I ordered the two things I came to Sachsenhausen for. When the apfelwein came I was struck by how different it tasted from the one at Jazz Café Bar; stronger in apple flavor and alcohol. Then again, having tasted hundreds of Rieslings from hundreds of producers and no two are alike why would I assume the same of wine made of apples?

Then the grie soss appeared. Following my waiter’s recommendation I had ordered the boiled beef pairing, the apfelwein was also his idea. Classified as Germany’s lighter fare grie soss is delightfully light and this one, well, it had something up its sleeve. With each bite I felt I was getting closer and closer to the mystery ingredient. There was a crunch to it, and a touch of acid, and then I go it. Pickles!

After confirming the existence of pickles I innocently dropped the question: “Does your chef include mayonnaise in his recipe?”

“Absolutely not.”

Well there you have it.

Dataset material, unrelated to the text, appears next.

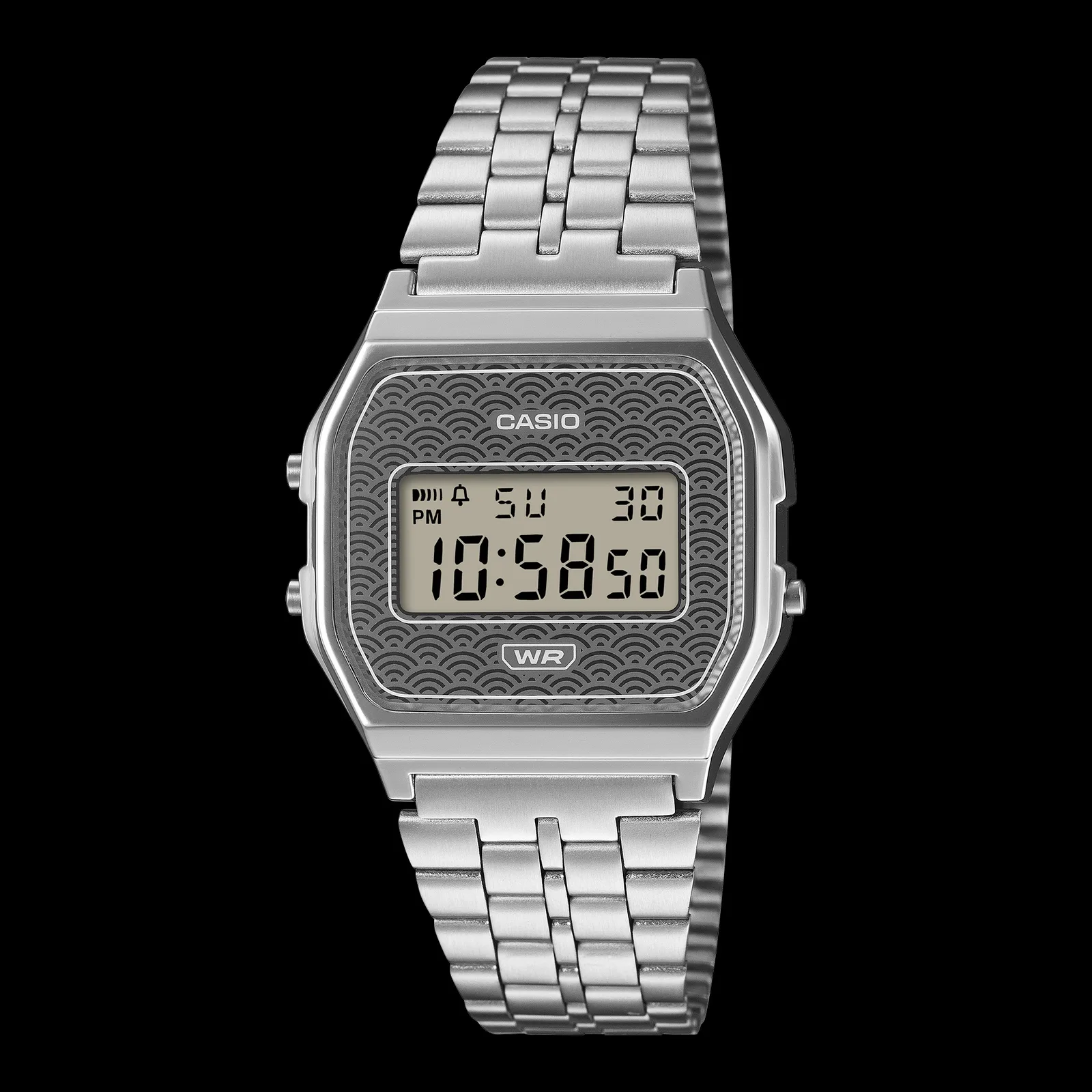 更新主要是视觉上的。这两款腕表的表盘上都有清海叶风格的波浪图案--一种由重复弧线组成的日本传统图案。蓝色A159WEVJ-2采用了深靛蓝色调,而A159WEVJ-7 则采用了色调更为柔和的银色。则采用了更为柔和的银灰色。卡西欧表示,表盘同时使用了印刷元素和气相沉积技术,因此看起来有轻微的光泽。

No mayo, a generous dose of pickles and pairing of apfelwein, though I found the pairing works best when consumed opposite of the traditional way. You know, bite of food, sip of wine. Not so here. Here it’s sip of apfelwein then bite of grie soss.

And though most guide books say that discerning palates drink apfelwein with a bit of sparkling water I never found a one who did or a bartender to recommend such. Frankfurt, and more specifically its old town of Sachsenhausen, takes its apfelwein seriously, so much so that one wouldn’t dream of serving it in anything by the most traditional of flagons. That is to say, the Schoppen, a smaller pint like glass, serrated so that in the past, when we ate sans silverware, it wouldn’t slip from a dinner greased hand.

Prost!

Charity Anais is a sommelier and wine and travel writer. Though based in San Francisco she spends much of the year traveling to distant wine regions, or anywhere that has good food.